私たちは直腸の内視鏡検査をすることもよくありますが、この検査の際、「宿便」といわれる硬い便が大腸内にコロコロとあるのを時折見かけます。しかしながら、そのような人達に必ずしも便秘に伴う症状があるかというと、決してそんなことはありません。宿便という言葉は、「宿便性潰瘍」という病名からできた言葉で、たしかにこの病気の患者さんの腸内を見ると硬い便があるのですが、宿便があると言うことだけでこの病気は成立しないのです(たとえば血行障がいや全身的な衰弱などが関わって、この病態になると考えられています)。しかし、一般には「宿便が腸内にあると悪さをする」と信じられるようになってしまいました。宿便を出せば健康になるかというと、それはありえません。あっても健康に生活している人がいる以上、その理論は成り立たないわけです。
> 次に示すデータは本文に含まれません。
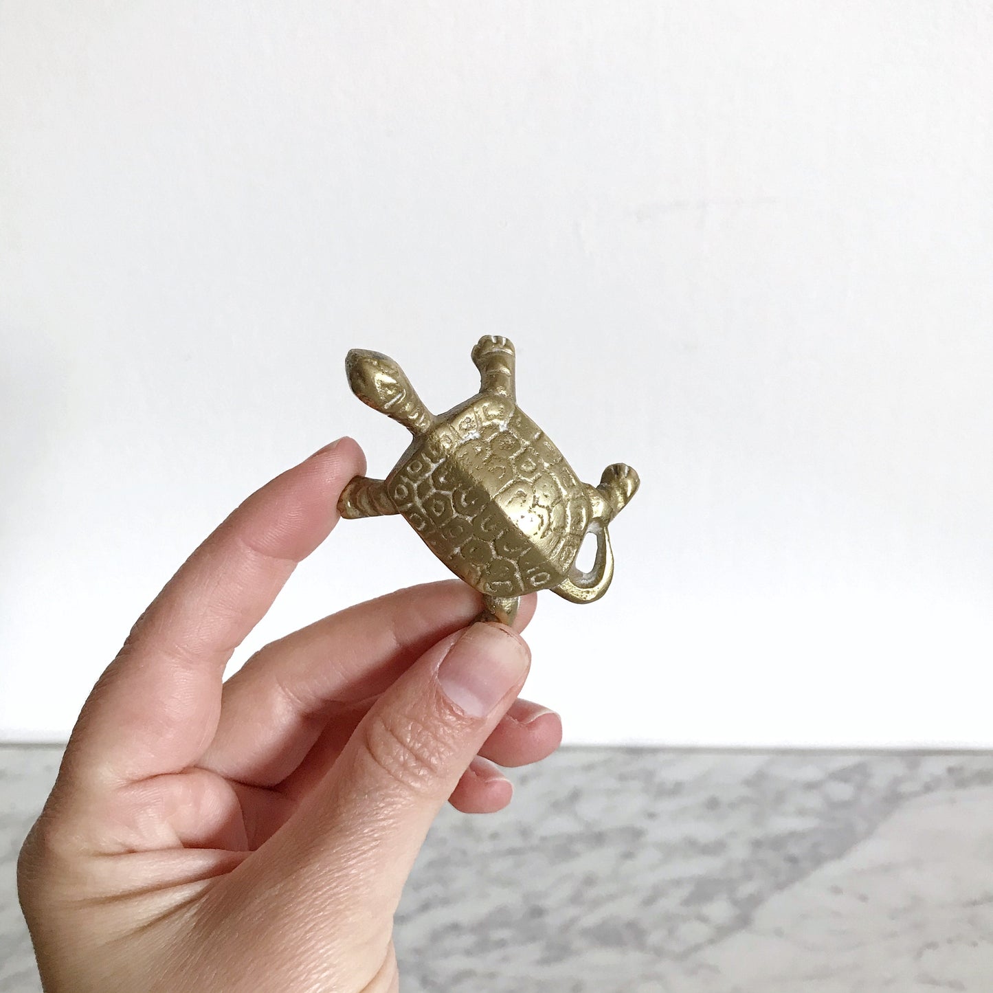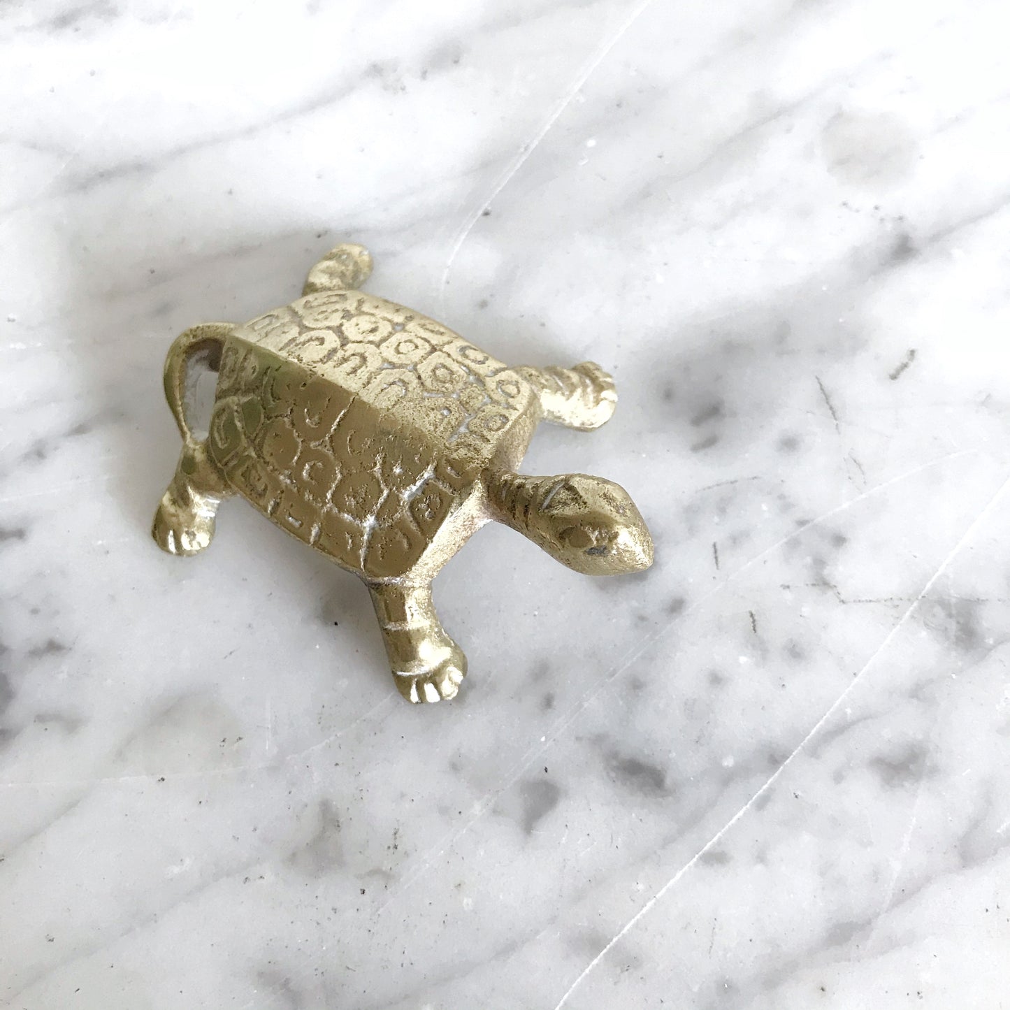 The cutest little baby brass turtle! How cute would he be tucked in with a favorite houseplant?!

大切なのは本人にとって適切な排便のリズムを見つけること。「3日間便が出ないから異常」と短絡的に考えるのではなく、排便困難や不快な残便感、下痢、モレなど、排便に関して本人が苦痛に感じている問題のすべてを「排便障がい」としてとりあげ、個別の対策を立てることが大切です。
──病院や施設では、便秘解消のため、日常的に下剤による排便コントロールを行っているケースが数多く見受けられますが、その点についてはどのようにお考えになりますか。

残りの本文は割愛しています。